Research Papers

Effects of irregular stand structure on tree growth, crown extension and branchiness of plantation-grown Pinus patula

Published in: Southern Forests: a Journal of Forest Science
Volume 75, issue 4, 2013 , pages: 247–256
DOI: 10.2989/20702620.2013.846722
Author(s): Simon A AckermanDepartment of Forest and Wood Science, South Africa, Pierre A AckermanDepartment of Forest and Wood Science, South Africa, Thomas SeifertDepartment of Forest and Wood Science, South Africa

Abstract

The practice of combining row and selective thinning in commercial pine plantation silviculture carries the risk of unwanted irregularities in tree distribution, a situation that is aggravated when tree selection during marking is poor. The potential consequences of poor tree selection are accentuated by gaps along row removal. This leads to spatially asymmetric growing space to adjacent trees.
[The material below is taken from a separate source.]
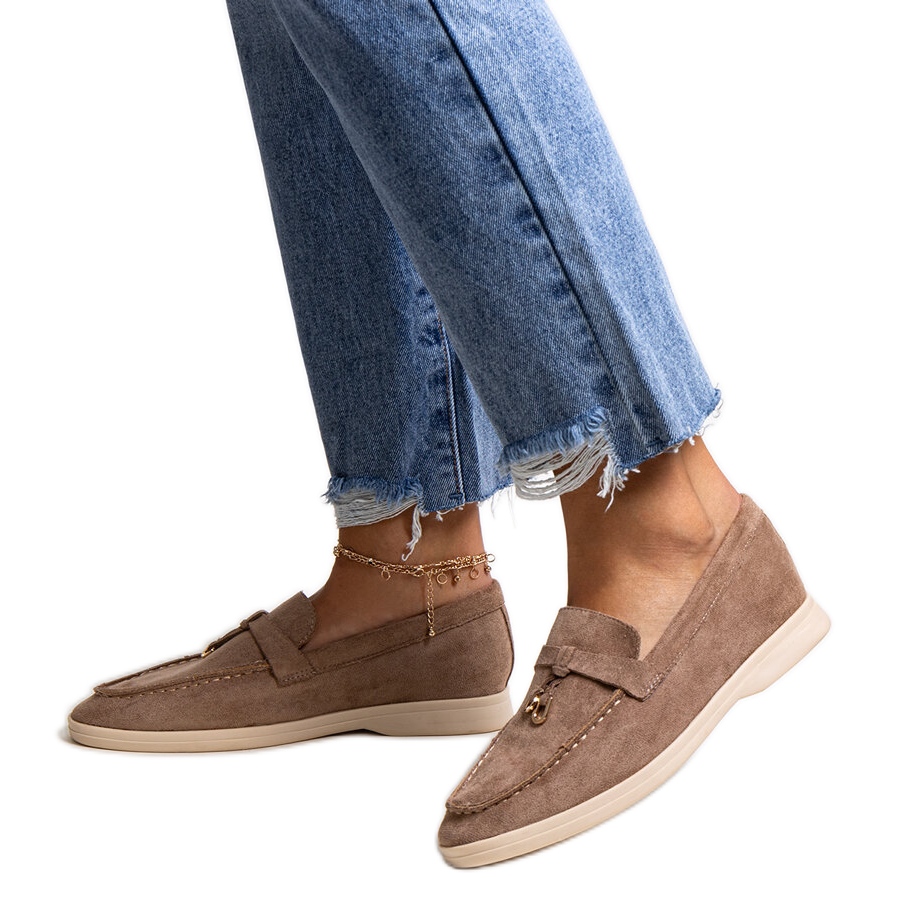 Inna marka Tmavě hnědé mokasíny s kovovým přívěskem od Fiorano béžový

The effect of irregular stand structures on tree morphology and growth are investigated in this study, and are based on two stands of Pinus patula (Schiede ex Schltdl. et Cham.) in Langeni Plantation, South Africa. A comparison between trees grown in an all-sided and one-sided spatial competition situation is presented to assess the degree of differences between the two situations. Results of this study show significantly larger crown diameters, crown lengths, longer and thicker branches, disproportionately one-sided crown growth and a reduction in space-use efficiency in stands with irregular competitive status. These factors potentially negatively affect saw timber quality and volume production from the stands at final felling.